*Extracted data entries*:

%%

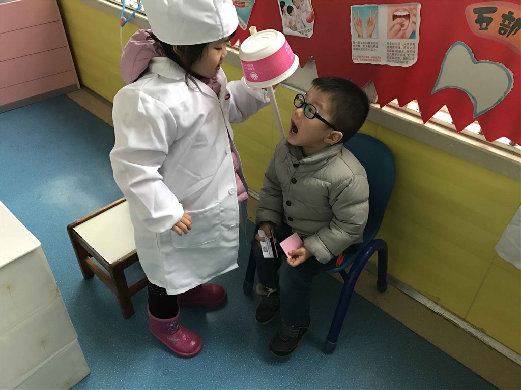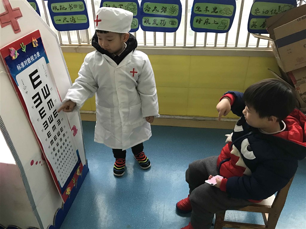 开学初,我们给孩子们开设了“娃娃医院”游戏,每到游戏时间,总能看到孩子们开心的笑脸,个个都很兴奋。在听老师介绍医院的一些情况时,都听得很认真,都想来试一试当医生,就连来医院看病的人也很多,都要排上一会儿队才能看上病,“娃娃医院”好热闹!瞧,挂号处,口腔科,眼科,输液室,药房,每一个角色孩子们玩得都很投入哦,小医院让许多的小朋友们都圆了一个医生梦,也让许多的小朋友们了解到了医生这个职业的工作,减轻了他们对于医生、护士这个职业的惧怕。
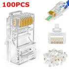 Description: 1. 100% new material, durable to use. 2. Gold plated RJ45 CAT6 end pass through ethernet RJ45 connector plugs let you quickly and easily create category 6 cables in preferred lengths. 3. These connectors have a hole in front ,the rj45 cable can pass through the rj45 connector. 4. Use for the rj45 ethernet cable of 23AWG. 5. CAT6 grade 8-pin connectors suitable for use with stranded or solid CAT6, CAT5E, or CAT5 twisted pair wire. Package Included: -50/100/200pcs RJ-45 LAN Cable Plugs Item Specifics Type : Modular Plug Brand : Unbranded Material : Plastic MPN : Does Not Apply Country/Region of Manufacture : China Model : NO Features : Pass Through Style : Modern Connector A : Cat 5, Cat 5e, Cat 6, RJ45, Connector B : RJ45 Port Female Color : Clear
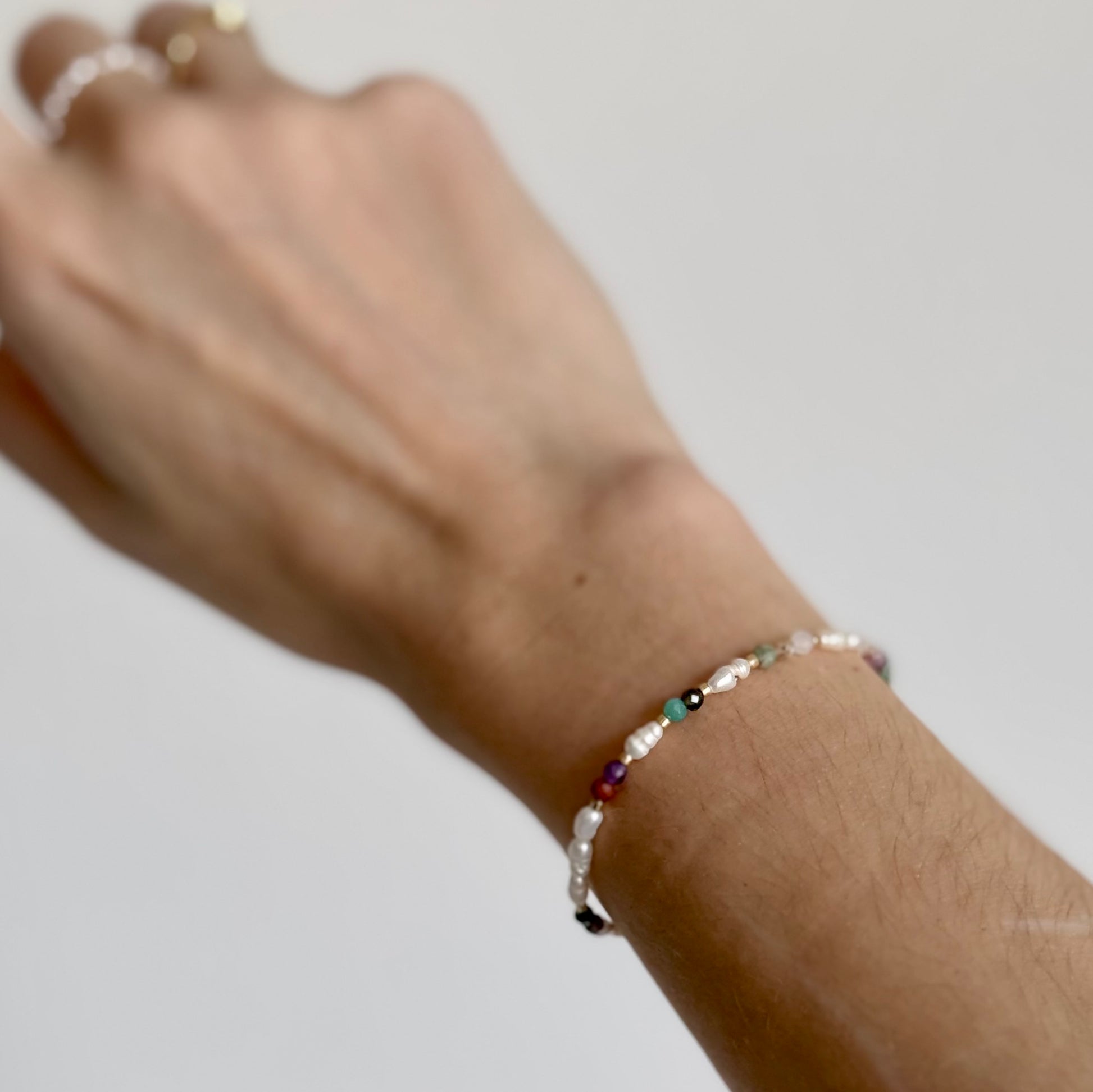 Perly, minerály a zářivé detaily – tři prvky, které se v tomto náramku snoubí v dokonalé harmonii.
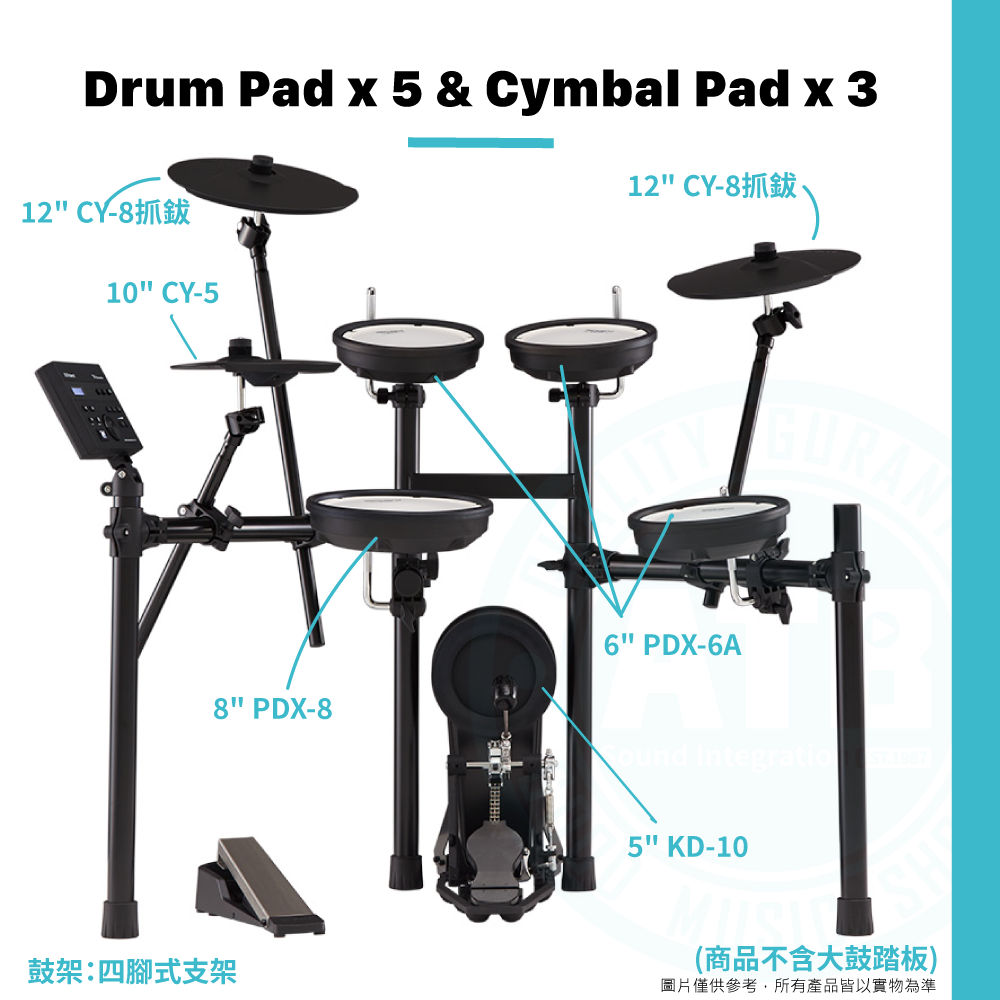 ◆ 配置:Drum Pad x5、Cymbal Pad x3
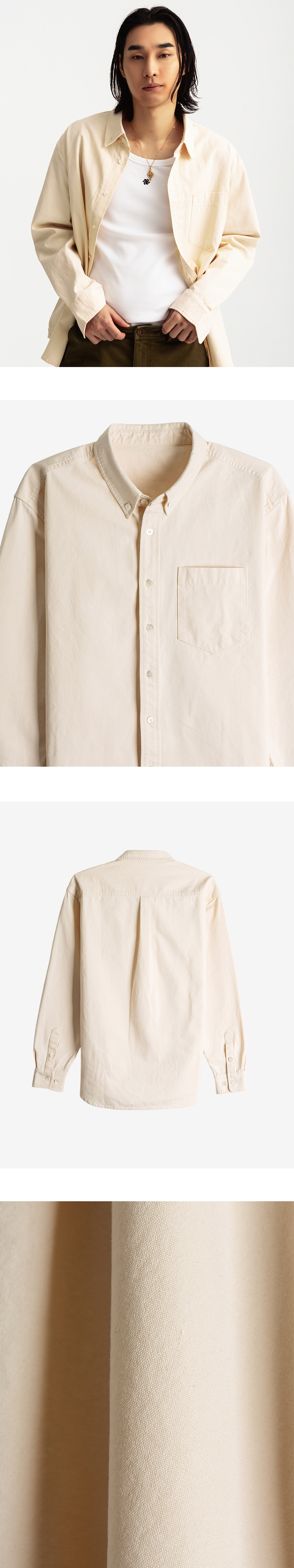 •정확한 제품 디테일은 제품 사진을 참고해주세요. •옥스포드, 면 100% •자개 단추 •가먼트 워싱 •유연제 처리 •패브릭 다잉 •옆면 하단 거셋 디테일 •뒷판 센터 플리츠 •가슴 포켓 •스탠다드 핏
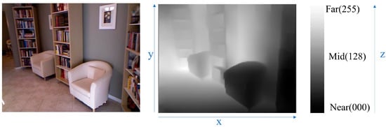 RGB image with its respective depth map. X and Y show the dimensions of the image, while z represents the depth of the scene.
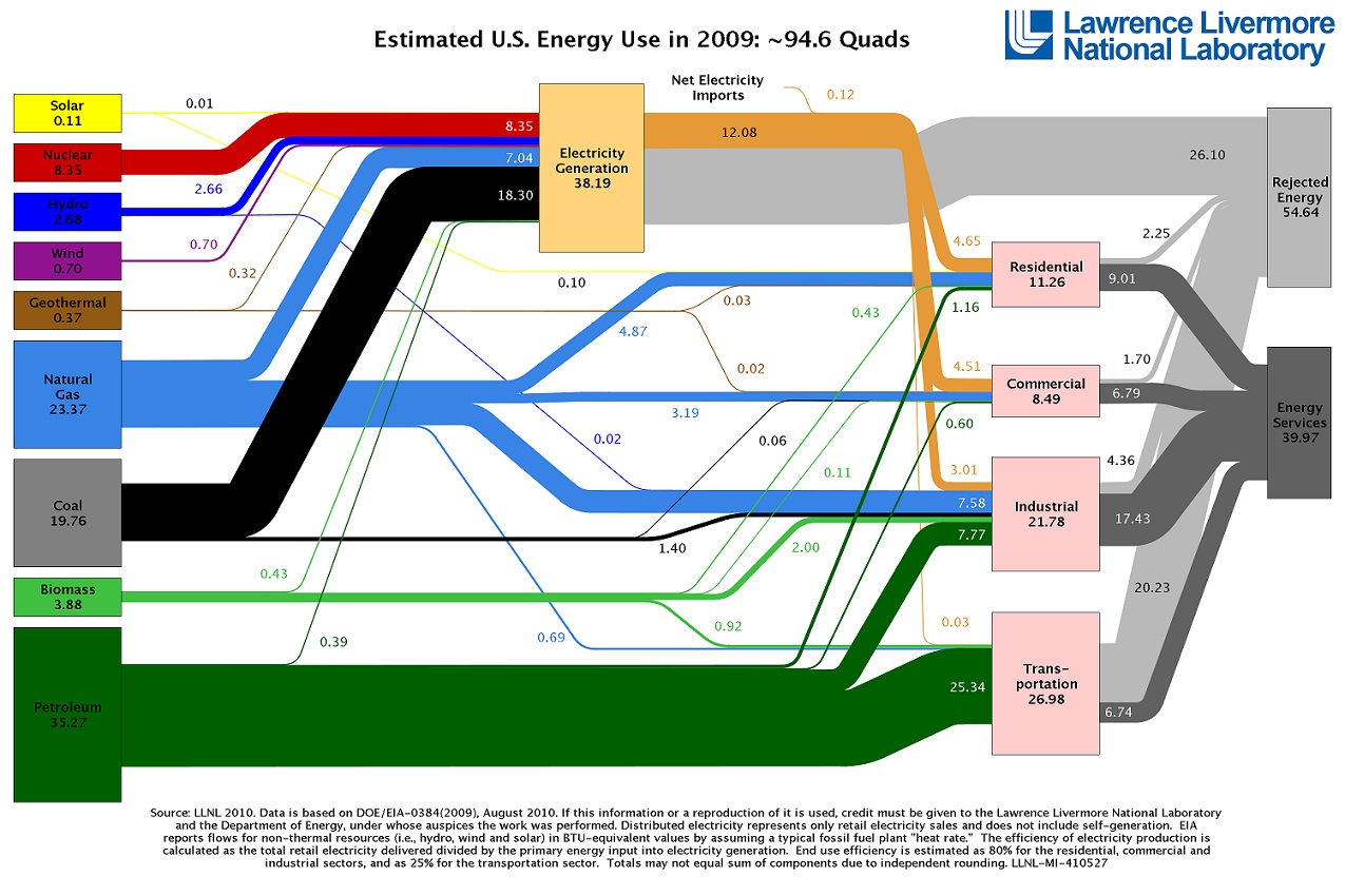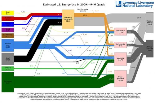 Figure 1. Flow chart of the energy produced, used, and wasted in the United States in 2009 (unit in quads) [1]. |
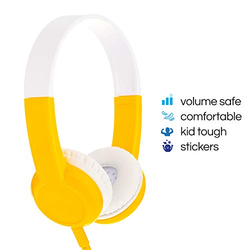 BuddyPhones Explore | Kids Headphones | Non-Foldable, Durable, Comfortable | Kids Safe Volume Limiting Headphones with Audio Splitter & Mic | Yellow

%%

*Task*:
Beginning with the line that contains "Figure 1. Flow", repeat every remaining line of the data exactly, the last line included, and omit pictures.

*Solution to this task*:
 Figure 1. Flow chart of the energy produced, used, and wasted in the United States in 2009 (unit in quads) [1]. |
 BuddyPhones Explore | Kids Headphones | Non-Foldable, Durable, Comfortable | Kids Safe Volume Limiting Headphones with Audio Splitter & Mic | Yellow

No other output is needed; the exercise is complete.